Per-client manual install commands

Client Install command Note
Claude Code karma install-hooks (default) Takes effect immediately
Codex CLI karma install-hooks --backend codex Auto-trusts karma wrappers via Codex trusted_hash — no manual /hooks approval. Details in docs/CODEX_BACKEND.md.
Cursor karma install-hooks --backend cursor Cursor 1.7+ required. Hooks fire on every IDE Agent session — restart Cursor after install. /karma skill is project-scoped only (Cursor doesn't expose home-level global skills); see post-install notes for how to copy SKILL.md per project.

Uninstall

.venv/bin/karma uninstall-hooks                                # Remove hooks
cp ~/.claude/settings.json.before-karma ~/.claude/settings.json # Restore original

Cursor: Agent transcripts (response-level checks)

When you need it: Sticky injection, read-before-write, Shell/MCP gates, etc. work without transcripts.
Transcripts help: keep-pushing, chinese-plain, loud-failure, and similar rules that inspect the last assistant message.
The afterAgentResponse hook also passes assistant text directly, so response-level checks often work even when transcript_path is missing on early events.
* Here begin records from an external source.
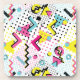 Karo aus diesem lustigen Memphis-Stil, charakterisiert durch fette Farben, geometrische Formen und skurrile Designs.
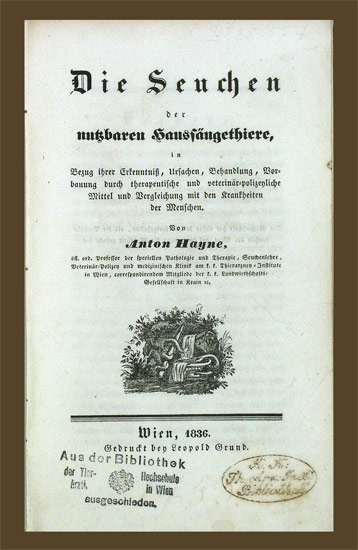 Hayne, Anton: Die Seuchen der nutzbaren Haussäugethiere, in Bezug ihrer Erkenntniss, Ursachen, Behandlung, Vorbauung durch therapeutische und veterinär-polizeyliche Mittel und Vergleichung mit den Krankheiten der Menschen. Wien, Leopold Grund, 1836. Gr.-8°. VI S., 1 n.n. Bl., 504 S., 3 n.n. S. Druckfehler. Mit 2 gefalteten Tabellen. Pappband der Zeit mit goldgeprägtem Rückenschild.
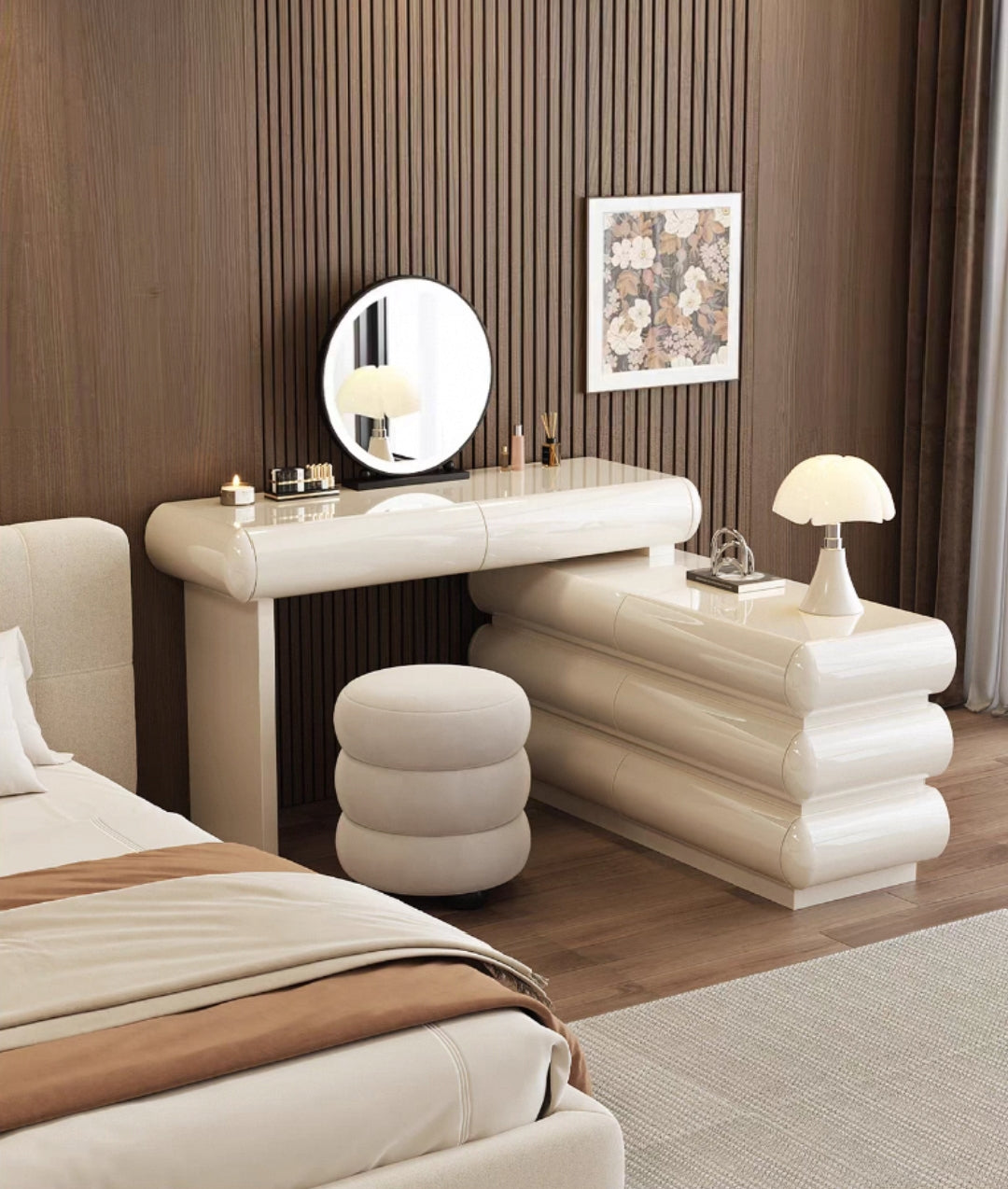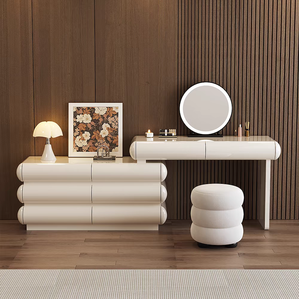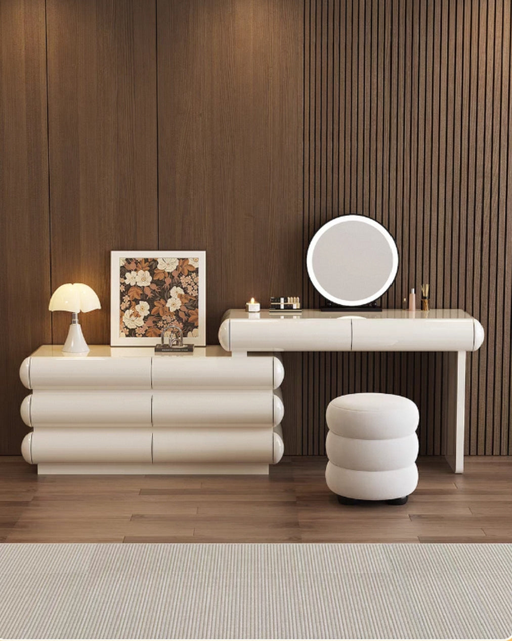 Elevate your daily routine with the Luxe Serenity Vanity Set, a perfect blend of elegance and functionality. Featuring a sleek, high-gloss finish with soft, rounded edges, this modern dressing table set offers ample storage with its distinctive, cylindrical drawer design. The spacious tabletop is available in multiple sizes (80/100/120 cm) to fit your space perfectly. Complete with a touch-sensor LED mirror and a plush, cloud-like stool, this vanity creates a calming, luxurious atmosphere for your beauty rituals. Ideal for contemporary bedrooms, this stylish set is more than furniture—it's your secret corner for timeless beauty. Shop now for a chic, clutter-free space!

Desktop Agent usually does not need a manual toggle. After pinrule install-hooks --backend cursor and a normal Agent / Composer session, Cursor writes ~/.cursor/projects/<workspace>/agent-transcripts/<session>.jsonl and passes transcript_path in hook stdin. Dogfood: stop / afterAgentResponse always had a path; sessionStart is always null (expected — file not created yet).
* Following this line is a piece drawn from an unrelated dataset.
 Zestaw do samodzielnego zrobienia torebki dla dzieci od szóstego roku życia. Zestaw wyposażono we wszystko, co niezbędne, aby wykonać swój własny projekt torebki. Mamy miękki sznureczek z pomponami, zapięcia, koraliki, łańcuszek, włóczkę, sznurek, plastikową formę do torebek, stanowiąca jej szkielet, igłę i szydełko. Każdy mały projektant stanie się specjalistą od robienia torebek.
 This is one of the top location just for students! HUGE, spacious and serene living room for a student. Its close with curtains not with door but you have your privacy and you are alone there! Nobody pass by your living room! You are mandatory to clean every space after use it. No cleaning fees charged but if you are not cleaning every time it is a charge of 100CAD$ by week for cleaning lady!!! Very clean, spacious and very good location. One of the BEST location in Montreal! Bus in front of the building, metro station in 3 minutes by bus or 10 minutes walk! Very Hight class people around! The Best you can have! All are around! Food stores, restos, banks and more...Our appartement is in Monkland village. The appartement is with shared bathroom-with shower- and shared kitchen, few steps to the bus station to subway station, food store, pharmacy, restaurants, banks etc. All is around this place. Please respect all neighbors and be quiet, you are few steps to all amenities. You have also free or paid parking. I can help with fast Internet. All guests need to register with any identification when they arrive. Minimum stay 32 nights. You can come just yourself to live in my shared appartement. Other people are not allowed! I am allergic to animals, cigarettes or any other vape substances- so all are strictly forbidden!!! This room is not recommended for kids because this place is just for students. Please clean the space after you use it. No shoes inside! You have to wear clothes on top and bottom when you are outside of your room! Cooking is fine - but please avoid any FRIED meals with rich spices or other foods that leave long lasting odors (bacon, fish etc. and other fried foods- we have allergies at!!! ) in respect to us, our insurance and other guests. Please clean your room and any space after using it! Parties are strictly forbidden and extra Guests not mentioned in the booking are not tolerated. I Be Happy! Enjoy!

No reliable CLI to “turn on”: No documented settings.json key and no cursor subcommand for this. pinrule cannot auto-flip an internal Cursor flag (unlike Codex trusted_hash).

Verify (one command for users or agents):

pinrule doctor    # macOS: parses latest Cursor Hooks log for transcript_path stats

Or manually: Output → Hooksstop / preToolUse INPUT should show a non-null .jsonl path.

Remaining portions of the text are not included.